Eric Gilbert
feb 2019
A constant refrain on Twitter and elsewhere, "just ban the nazis" and its variants appear in discussions around platform content decisions, but also on completely unrelated topics:
(@jack tweet about fasting, pointed out to me by Casey Fiesler)
I also want the nazis banned. (I am hopeful, in fact, that our work on Reddit’s ban of two hate groups led to the subsequent ban of Nazi groups on the site.) I find this emergent refrain interesting, however, for different reasons. It conveys both the ease with which most people can identify crucial deviant behavior ("I mean, they're nazis, come on!"), and the exasperation we feel because we can't do anything about it.1 It puts into stark relief our lack of agency in platform politics, as well as the sociotechnical institutions I think we deserve, but don't yet have.
People break rules and/or norms in online communities all the time.2 Some of those are highly contextual, highly dependent on a particular community's expectations. A garden-variety example: it would be a norm (and rule) violation to post an unlabeled spoiler on r/asoif—the subreddit for Game of Thrones and the associated books. In other cases, people violate what nearly everyone thinks constitutes acceptable social behavior: i.e., the nazis.
“just ban the nazis” highlights the need for two types of sociotechnical institutions we lack on modern social platforms: 1) sociotechnical systems for the creation and distribution of community-specific norms (where we can collectively decide “nazis=bad”), and 2) sociotechnical systems for enforcing violations of those norms (where we can collectively enforce “nazis=gone”).
We need systems that allow community members to draft rules that govern social behavior online, reach consensus on those rules, and then make those rules visible to everyone in effective ways. Each part of this is hard.
In addition to supporting groups of various sizes and commitment levels, such a system would have to be able to live in the fractured, networked publics around which most modern social platforms are designed. Where exactly are the community boundaries on Twitter? Who gets to invent these normative guidelines? What is an acceptable level of agreement upon proposed rules?

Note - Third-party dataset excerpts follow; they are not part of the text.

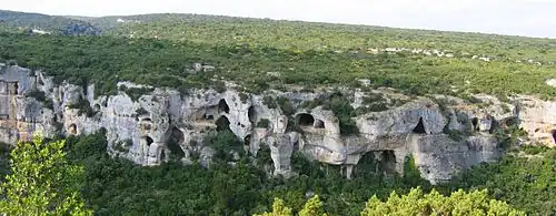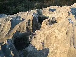 Covas e canais provocados pela carstificação em rocha carbonática.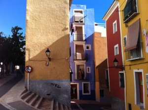 I traveled north with the local tram, an above-ground subway-like transport that can’t quite be regarded as a train. It takes you along the coast all the way to Benidorm, where I was headed, and stopped half way at Villa Joiosa. Its a colourful little walled village, also on the beach, with only sleepy dogs and old ladies to be encountered on the staired and narrow streets.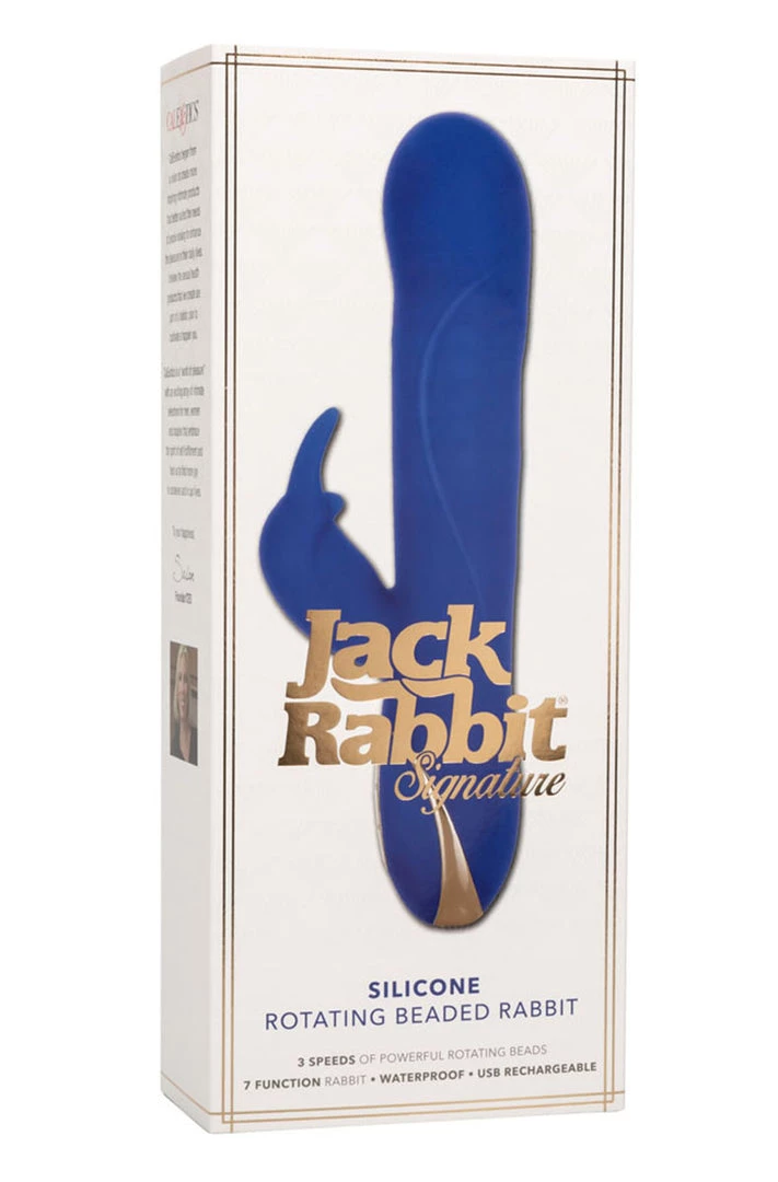 After over 30 years of pleasure, the Jack Rabbit has crafted their most luxurious vibrator yet. The Silicone Rotating Beaded Rabbit is a premium silicone vibe with 7 functions of vibration and 3 shaft rotation speeds . The ravishing rabbit flicker to the rhythm of 7 thrilling functions vibration to tease, please and tantalize; Get playful with deeply gratifying vibration, escalation and pulsation functions for a truly indulgent pleasure experience.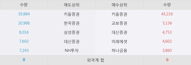 아직까지 외국계 증권사 창구를 통한 매매는 발생하지 않고 있다. 그리고 이 시간 교보증권이 매수창구상위에 올라있는 종목은 이 종목 이외에도 SK하이닉스, 제노레이 등이 있다.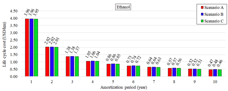This scenario includes the cost of investing in equipment, producing Brazilian fuels, manufacturing, maintaining, and operating the vehicle. This cost will be presented in USD/km, considering anhydrous sugarcane ethanol and gasoline C (73% gasoline and 27% anhydrous sugarcane ethanol on a volume basis) as fuel, during a 10-year amortization period.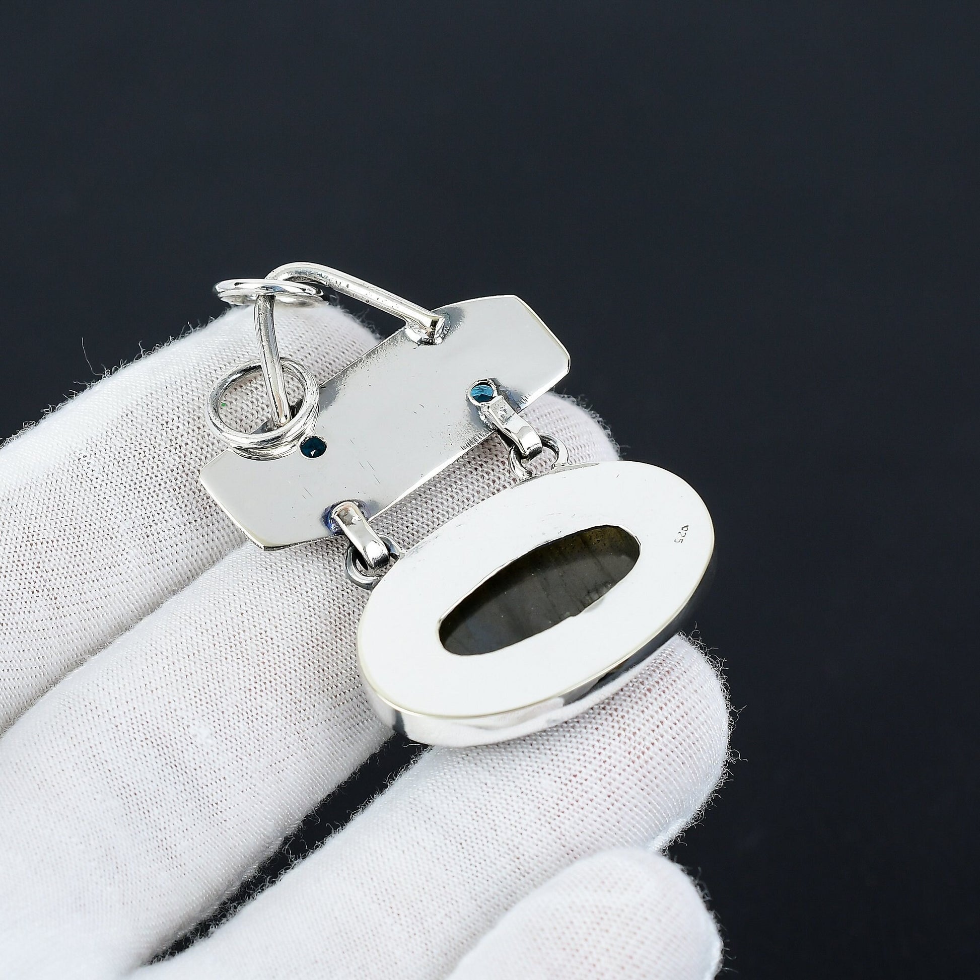 Design: This stunning piece features a vibrant labradorite stone, elegantly complemented by shimmering blue accents. The intricate textured detailing adds a touch of sophistication.

Finally, how do we make those rules visible to people as they participate in massive, fast-moving conversations online?
Next, we need real power handed to groups and communities to take concrete action against an actor who violates established norms. These sanctions should have nuance: warnings, temporary community bans, permanent bans, votes to expel from the platform entirely, freezes on new followers, etc., in addition to content-specific sanctions (i.e., takedown orders for specific comments, threads, etc.). Report forms that go god-knows-where are insufficient. The code to carry out these sanctions should be immediately bound the authority of the groups entrusted to create the norms above.
I don't think Twitter (or any other contemporary social platform) will ever do this. The arrangements of technology and capital that created today's social platforms care about "community standards" insofar as they protect firms from legal liability and PR disasters.3,4 Someday we'll get something better.
1. The reasons why platforms choose not to act in general is complex and spans legal, financial, and political concerns. See Tarleton Gillespie's new book.
2. This of course happens offline too, and there is a rich history of sociological work on deviance exploring it.
3. "Community standards" groups notably lack any real role of the "community;" yes, those standards may arise from a set of focus groups, but the community has little to no political power to dictate that their expectations be codified into the platform's standards.
4. Or, in Tumblr’s case, (at least perceived) existential financial threat.